What is being asked
Extract, in full, the lines below, beginning at the first and ending with the line that contains "哈維·西蒙斯(熱刺):8次首". Pictures do not belong in the copy.
[Data section — start]
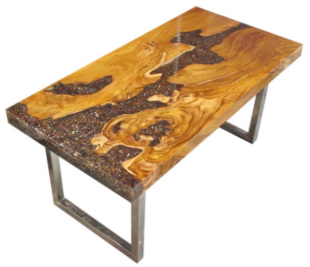 Coffee table, top made out of teak root with brown crackle glass and resin inlay. Legs with square hollow stainless steel pipe.
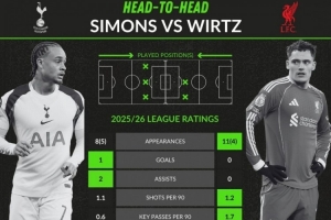 哈維·西蒙斯(熱刺):8次首發(fā)、5次替補,1球、2助攻,場均1.1射門、0.6關(guān)鍵傳球、0.8過人、傳球成功率82.9%,獲評6.64分
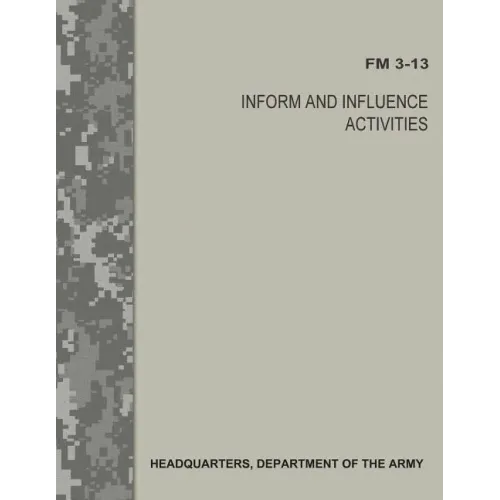 Field manual (FM) 3-13, "Inform and Influence Activities," provides doctrinal guidance and directions for conducting inform and influence activities (IIA) and discusses the importance of information in operational environments. It describes the Army's view of how IIA aid the commander to gain an advantage through information. It develops the other principles, tactics, and procedures detailed in subordinate doctrinal publications. The publication does not address every information-related capability commanders can use to help shape their complex operational environments. It should, however, generate introspection and provide just enough guidance to facilitate flexibility and innovative approaches for commanders to execute the art of command to inform and influence. It also provides guidance to the staff to conduct IIA to achieve the desired effects that support the commander's intent and objectives. Commanders designate an information-related capability and are only limited by available resources.
[Data section — finish]
Finished task
 Coffee table, top made out of teak root with brown crackle glass and resin inlay. Legs with square hollow stainless steel pipe.
 哈維·西蒙斯(熱刺):8次首發(fā)、5次替補,1球、2助攻,場均1.1射門、0.6關(guān)鍵傳球、0.8過人、傳球成功率82.9%,獲評6.64分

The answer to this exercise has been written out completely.